(Directions for this task): Once you reach the line with "- 12-Inch Rainfall" below, copy each line exactly, stopping after the line with "ホールで遊ぼう♪ 2026年1月26日 今日はホールで遊びました♪", and skip any pictures.

Given records: Begin

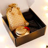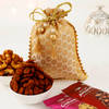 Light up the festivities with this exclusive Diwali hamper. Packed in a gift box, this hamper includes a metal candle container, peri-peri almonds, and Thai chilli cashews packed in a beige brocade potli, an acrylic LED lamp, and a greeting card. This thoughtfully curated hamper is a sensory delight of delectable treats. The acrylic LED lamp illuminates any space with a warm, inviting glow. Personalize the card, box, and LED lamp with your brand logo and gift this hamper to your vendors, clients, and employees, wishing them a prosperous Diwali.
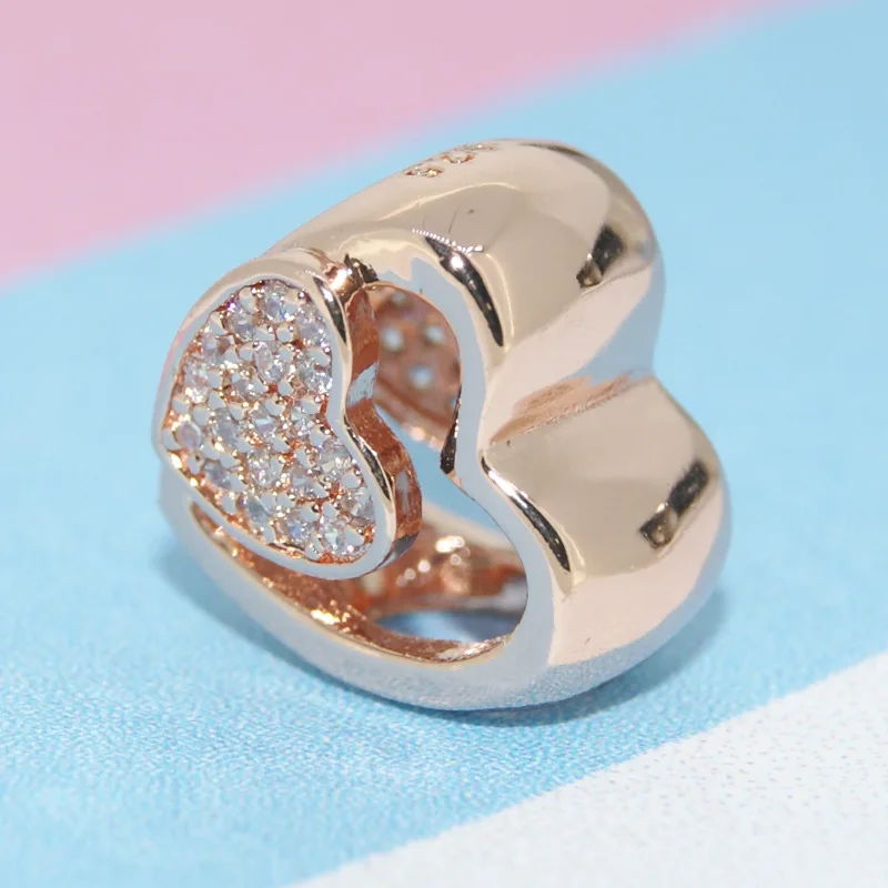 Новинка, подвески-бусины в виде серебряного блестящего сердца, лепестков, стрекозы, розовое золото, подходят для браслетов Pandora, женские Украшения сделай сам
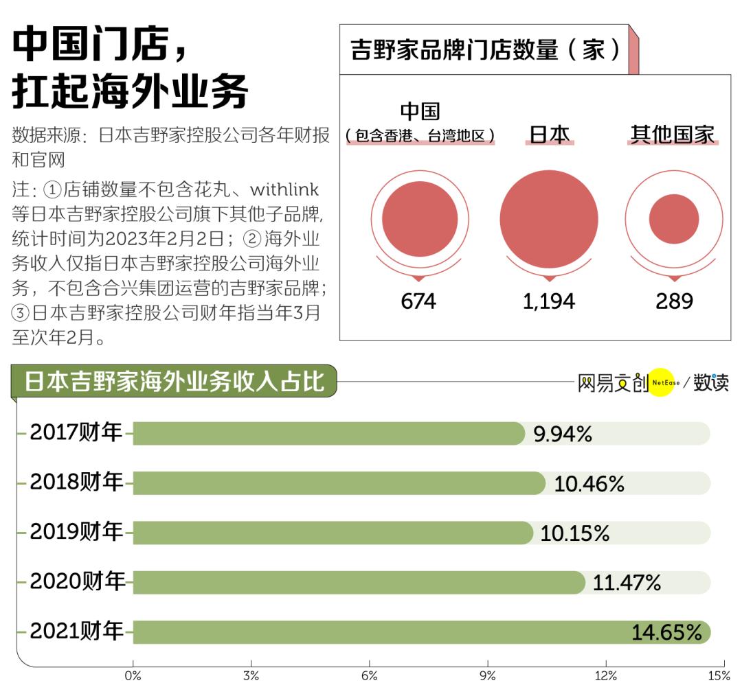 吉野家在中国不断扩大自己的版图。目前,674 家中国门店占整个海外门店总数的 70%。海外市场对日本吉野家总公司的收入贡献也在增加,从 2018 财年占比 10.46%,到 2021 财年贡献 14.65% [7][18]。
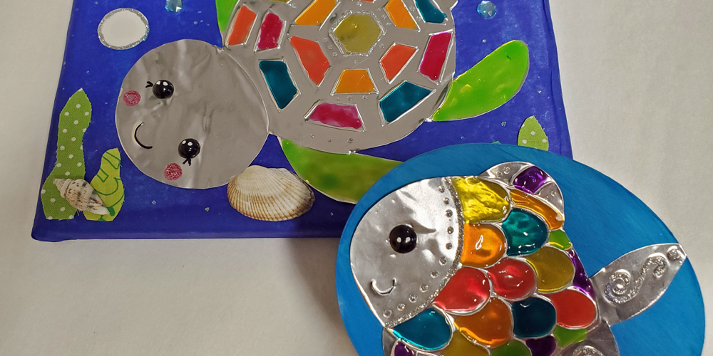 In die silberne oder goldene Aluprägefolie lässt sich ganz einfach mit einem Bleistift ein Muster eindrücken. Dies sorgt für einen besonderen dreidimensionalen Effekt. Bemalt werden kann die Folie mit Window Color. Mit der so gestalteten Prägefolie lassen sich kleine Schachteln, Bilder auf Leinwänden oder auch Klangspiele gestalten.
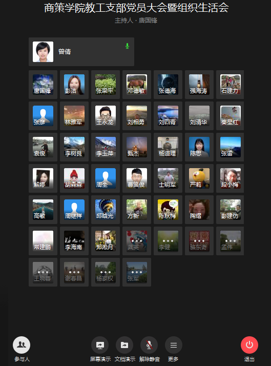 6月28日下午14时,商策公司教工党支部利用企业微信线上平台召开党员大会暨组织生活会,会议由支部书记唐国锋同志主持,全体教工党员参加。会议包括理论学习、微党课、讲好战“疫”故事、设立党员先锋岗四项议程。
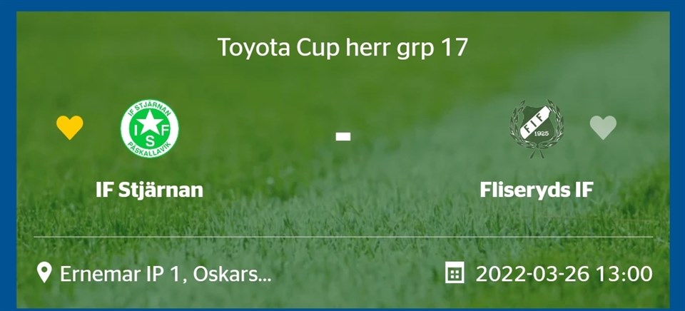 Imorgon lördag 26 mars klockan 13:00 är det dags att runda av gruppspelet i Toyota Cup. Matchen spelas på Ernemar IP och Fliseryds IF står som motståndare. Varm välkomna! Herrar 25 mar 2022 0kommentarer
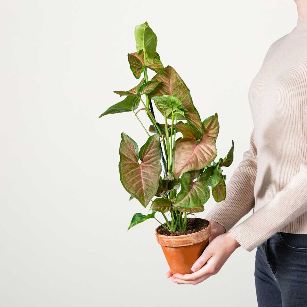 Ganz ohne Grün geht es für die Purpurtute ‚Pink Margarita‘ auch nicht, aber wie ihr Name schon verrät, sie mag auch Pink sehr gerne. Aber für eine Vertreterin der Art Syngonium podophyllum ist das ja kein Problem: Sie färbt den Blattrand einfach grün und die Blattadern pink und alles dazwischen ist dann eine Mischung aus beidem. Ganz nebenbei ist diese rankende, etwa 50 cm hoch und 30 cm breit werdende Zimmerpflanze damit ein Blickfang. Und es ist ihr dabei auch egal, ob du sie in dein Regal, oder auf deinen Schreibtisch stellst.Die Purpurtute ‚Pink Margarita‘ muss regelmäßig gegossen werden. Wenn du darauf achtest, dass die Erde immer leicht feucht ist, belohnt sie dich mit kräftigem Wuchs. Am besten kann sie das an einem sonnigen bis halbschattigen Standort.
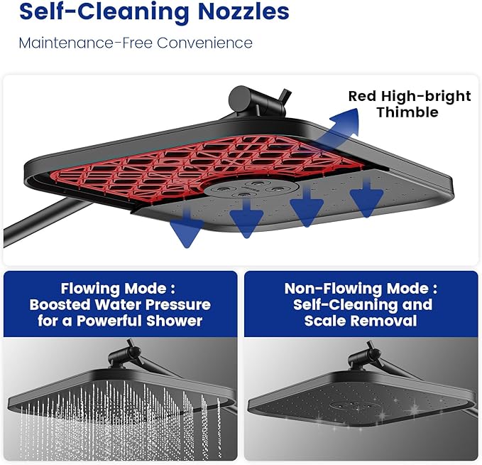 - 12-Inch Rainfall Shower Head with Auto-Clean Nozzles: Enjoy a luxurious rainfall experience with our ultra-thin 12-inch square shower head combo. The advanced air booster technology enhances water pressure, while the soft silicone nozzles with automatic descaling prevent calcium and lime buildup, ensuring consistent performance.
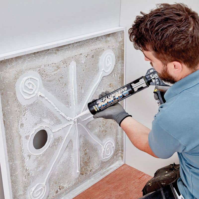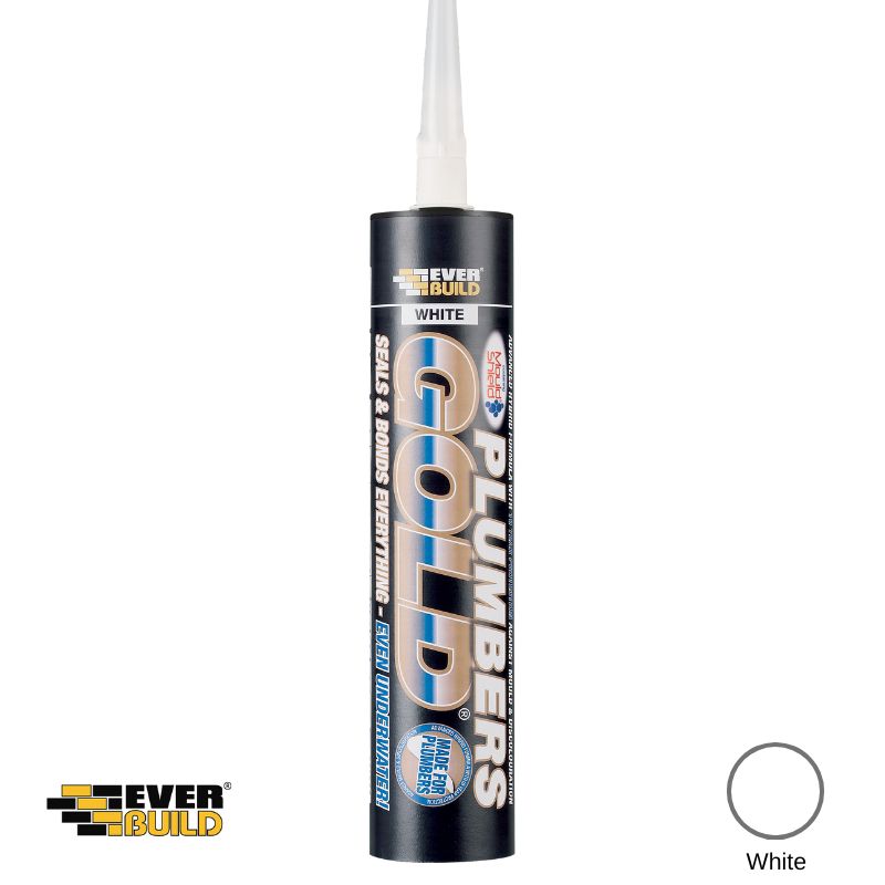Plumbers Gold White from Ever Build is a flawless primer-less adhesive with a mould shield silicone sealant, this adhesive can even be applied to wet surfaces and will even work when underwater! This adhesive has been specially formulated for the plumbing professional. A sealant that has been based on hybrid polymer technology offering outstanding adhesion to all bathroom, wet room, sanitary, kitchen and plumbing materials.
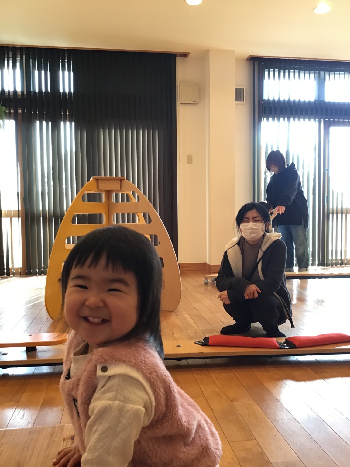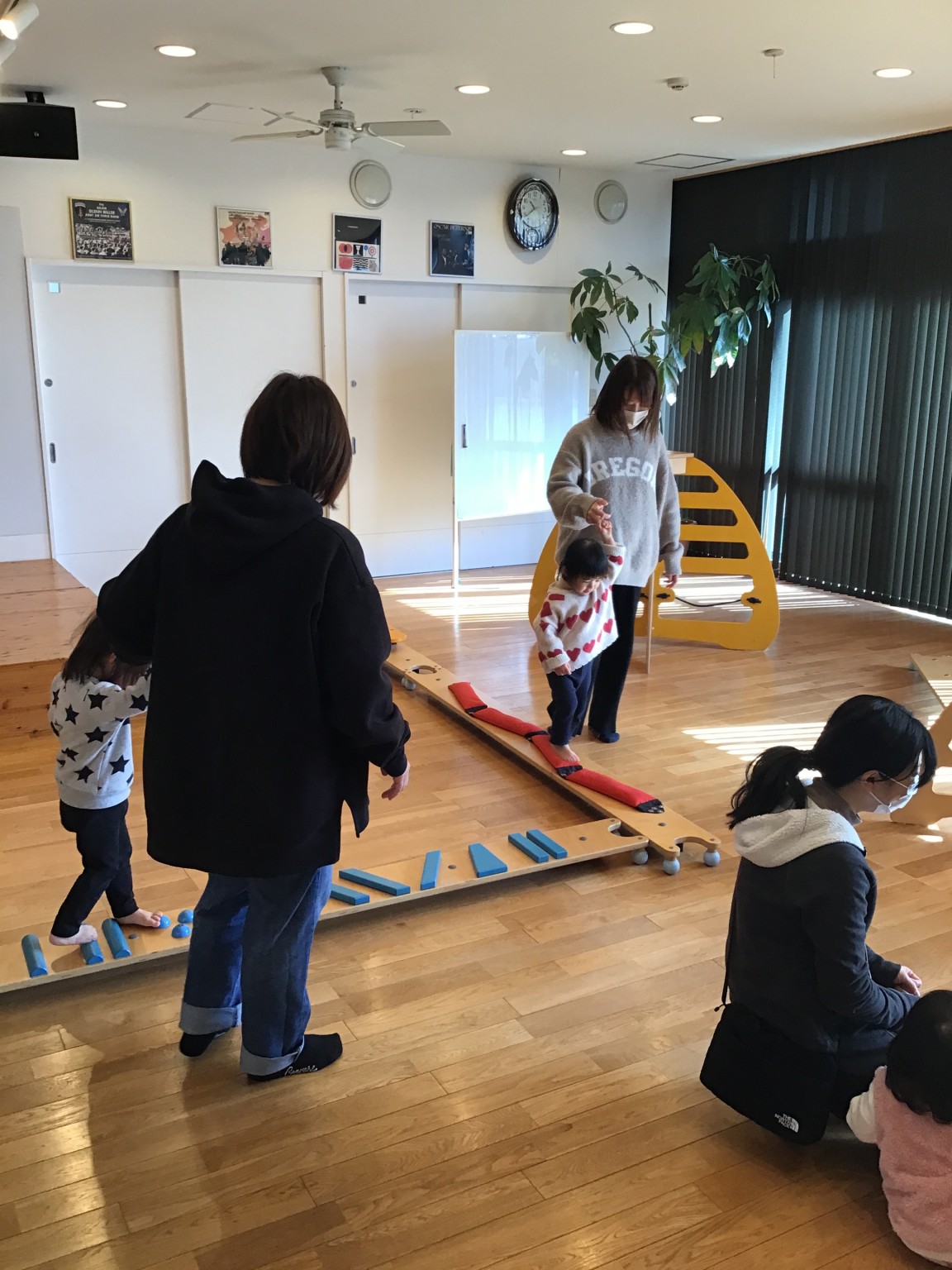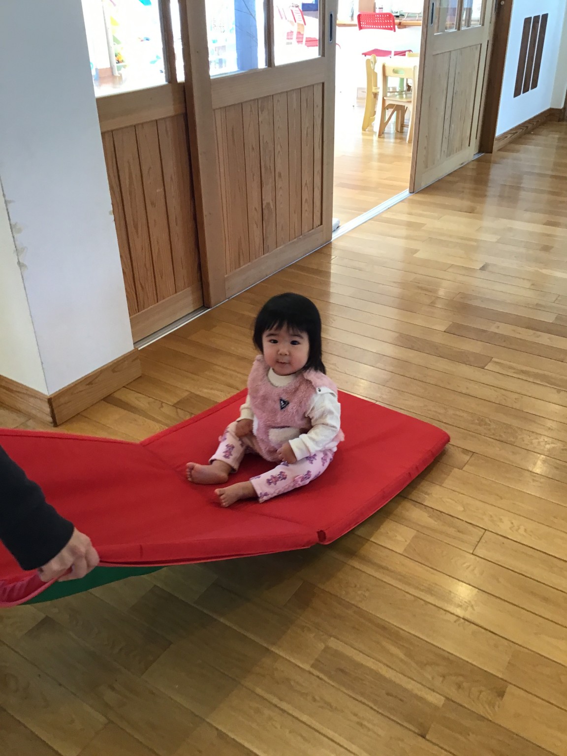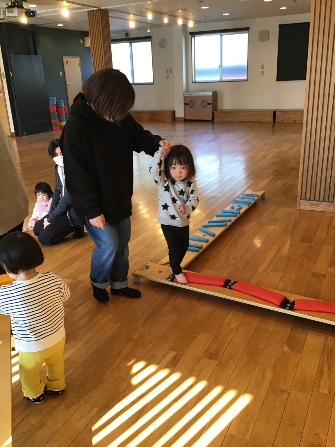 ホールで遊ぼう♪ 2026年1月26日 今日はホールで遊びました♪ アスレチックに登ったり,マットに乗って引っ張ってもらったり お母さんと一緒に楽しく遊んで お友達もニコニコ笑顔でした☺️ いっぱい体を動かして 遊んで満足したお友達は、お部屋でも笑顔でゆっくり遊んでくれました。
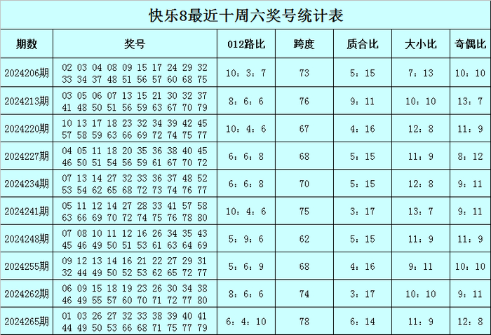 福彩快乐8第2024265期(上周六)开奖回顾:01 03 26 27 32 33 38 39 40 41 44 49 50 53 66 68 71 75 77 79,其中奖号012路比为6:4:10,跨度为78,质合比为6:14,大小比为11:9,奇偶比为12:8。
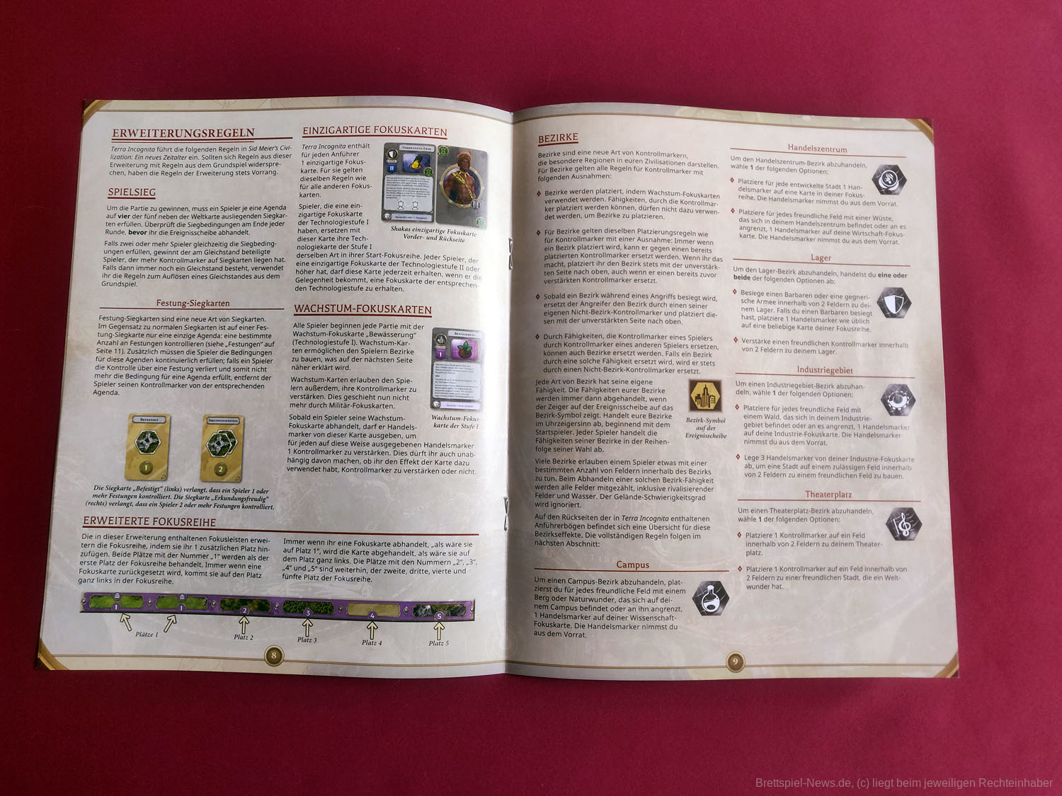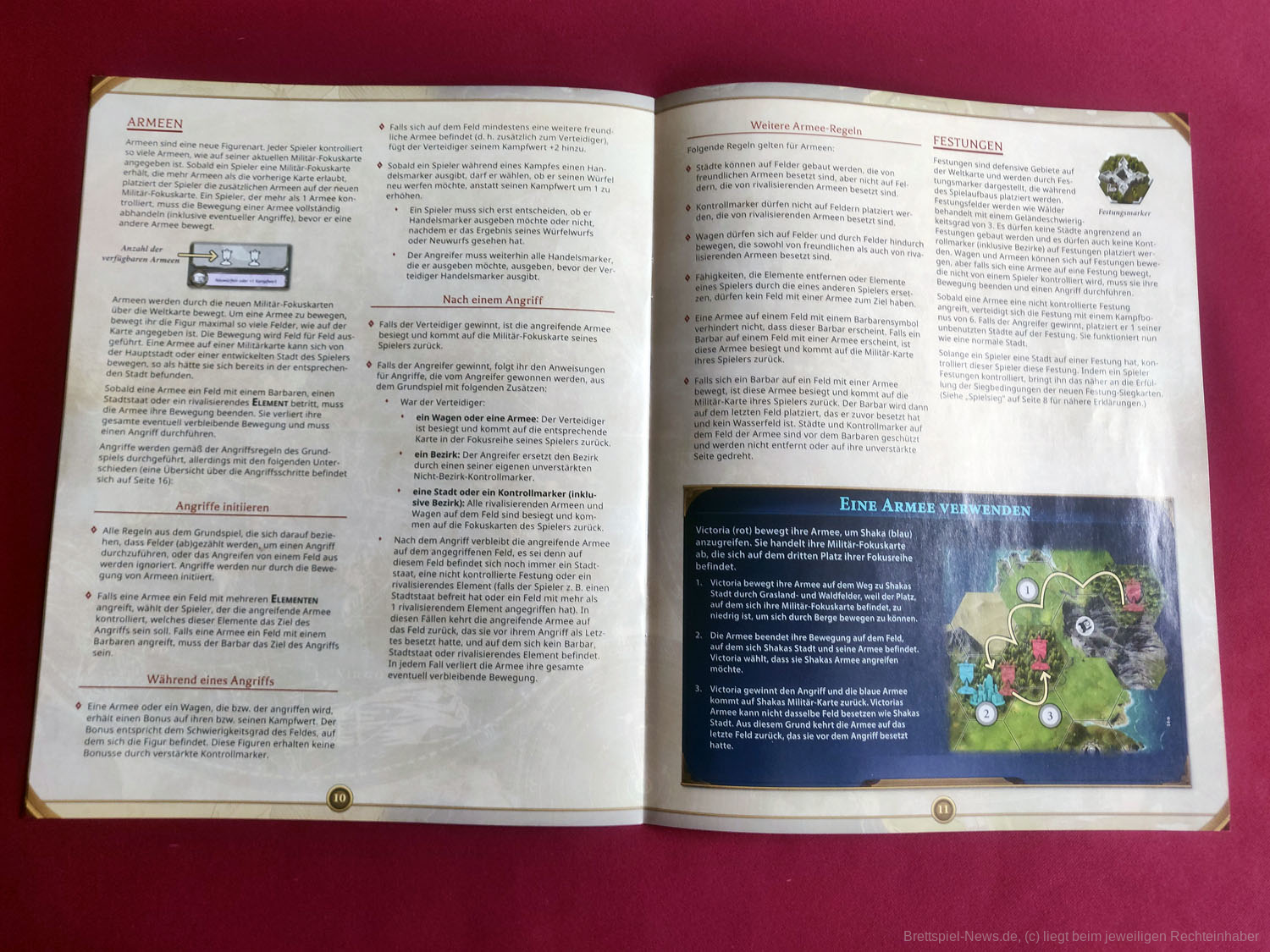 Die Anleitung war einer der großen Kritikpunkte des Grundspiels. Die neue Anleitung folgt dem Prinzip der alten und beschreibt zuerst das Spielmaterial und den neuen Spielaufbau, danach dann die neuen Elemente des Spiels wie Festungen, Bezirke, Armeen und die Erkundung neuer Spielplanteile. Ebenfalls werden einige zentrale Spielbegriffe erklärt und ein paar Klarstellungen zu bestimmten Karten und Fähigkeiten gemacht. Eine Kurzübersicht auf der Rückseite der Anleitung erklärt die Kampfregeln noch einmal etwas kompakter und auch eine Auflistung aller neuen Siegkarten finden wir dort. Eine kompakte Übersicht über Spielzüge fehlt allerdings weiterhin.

Given records: End

(Written response):
 - 12-Inch Rainfall Shower Head with Auto-Clean Nozzles: Enjoy a luxurious rainfall experience with our ultra-thin 12-inch square shower head combo. The advanced air booster technology enhances water pressure, while the soft silicone nozzles with automatic descaling prevent calcium and lime buildup, ensuring consistent performance.
Plumbers Gold White from Ever Build is a flawless primer-less adhesive with a mould shield silicone sealant, this adhesive can even be applied to wet surfaces and will even work when underwater! This adhesive has been specially formulated for the plumbing professional. A sealant that has been based on hybrid polymer technology offering outstanding adhesion to all bathroom, wet room, sanitary, kitchen and plumbing materials.
 ホールで遊ぼう♪ 2026年1月26日 今日はホールで遊びました♪ アスレチックに登ったり,マットに乗って引っ張ってもらったり お母さんと一緒に楽しく遊んで お友達もニコニコ笑顔でした☺️ いっぱい体を動かして 遊んで満足したお友達は、お部屋でも笑顔でゆっくり遊んでくれました。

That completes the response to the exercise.